*Task brief*:
Write the entries out exactly. Any images they hold stay out of the copy.

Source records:

◇ ◇ ◇ ◇ ◇

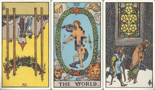 卜牌:权杖四- 世界+ 星币五+
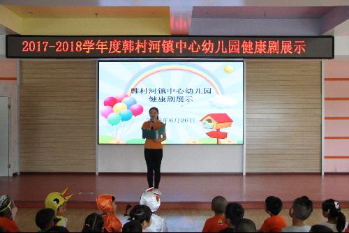 2017-2018学年度韩村河镇中心幼儿园健康剧展示活动于6月26日在音体教室隆重开幕,全园200余名师生观看了演出。
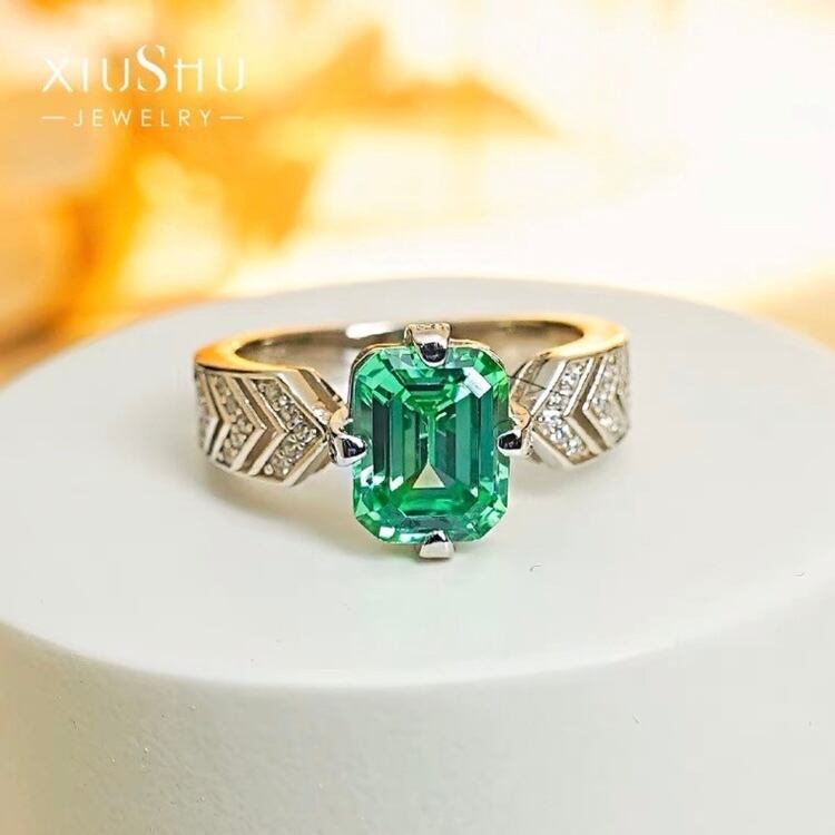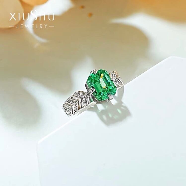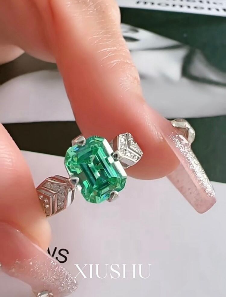 オリジナルの高炭素ダイヤモンドの人工グリーントルマリンリングになります。
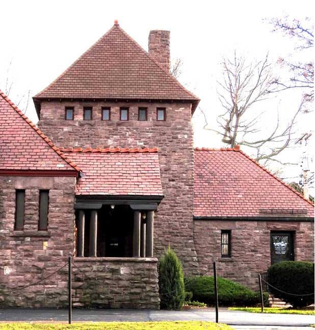 Tower:  Terra cotta finial and shingles on pyramidal roof                    Decorative loophole
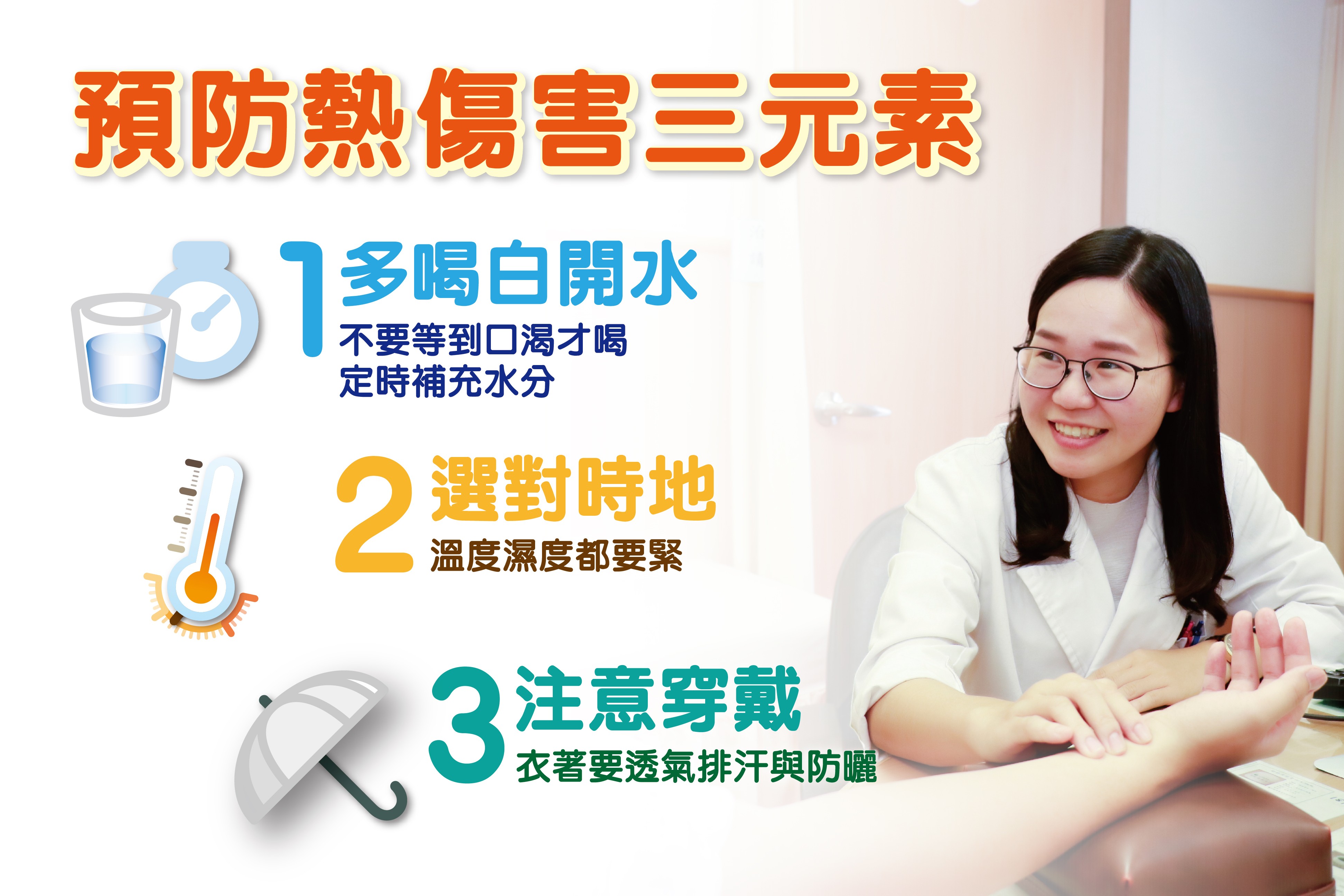 另外,炎熱氣候,人容易流汗,水分也容易流失,除電解質不平衡,高溫下也容易讓人昏沉和疲倦,甚至出現「氣短乏力」。鄭宇真醫師特別提醒夏至過後要懂得「避暑」。他提醒使用電扇、冷氣這兩種現代避暑工具,要注意幾個地方。第一、使用電風扇是要讓週遭環境產生對流,達到降溫的功能,不能貪涼長時間對著人吹,以免受到「風邪」。第二、冷氣最好調整到25到28度為佳,避免人體因為溫度過低而受寒。第三、不要頻繁進出冷氣房,防止呼吸道敏感不適。第四、衣著質料要舒適、排汗以利散熱,戶外活動注意補充水分和電解質,做好防曬,避免紫外線傷害皮膚。

◇ ◇ ◇ ◇ ◇

*Exercise output*:
 卜牌:权杖四- 世界+ 星币五+
 2017-2018学年度韩村河镇中心幼儿园健康剧展示活动于6月26日在音体教室隆重开幕,全园200余名师生观看了演出。
 オリジナルの高炭素ダイヤモンドの人工グリーントルマリンリングになります。
 Tower:  Terra cotta finial and shingles on pyramidal roof                    Decorative loophole
 另外,炎熱氣候,人容易流汗,水分也容易流失,除電解質不平衡,高溫下也容易讓人昏沉和疲倦,甚至出現「氣短乏力」。鄭宇真醫師特別提醒夏至過後要懂得「避暑」。他提醒使用電扇、冷氣這兩種現代避暑工具,要注意幾個地方。第一、使用電風扇是要讓週遭環境產生對流,達到降溫的功能,不能貪涼長時間對著人吹,以免受到「風邪」。第二、冷氣最好調整到25到28度為佳,避免人體因為溫度過低而受寒。第三、不要頻繁進出冷氣房,防止呼吸道敏感不適。第四、衣著質料要舒適、排汗以利散熱,戶外活動注意補充水分和電解質,做好防曬,避免紫外線傷害皮膚。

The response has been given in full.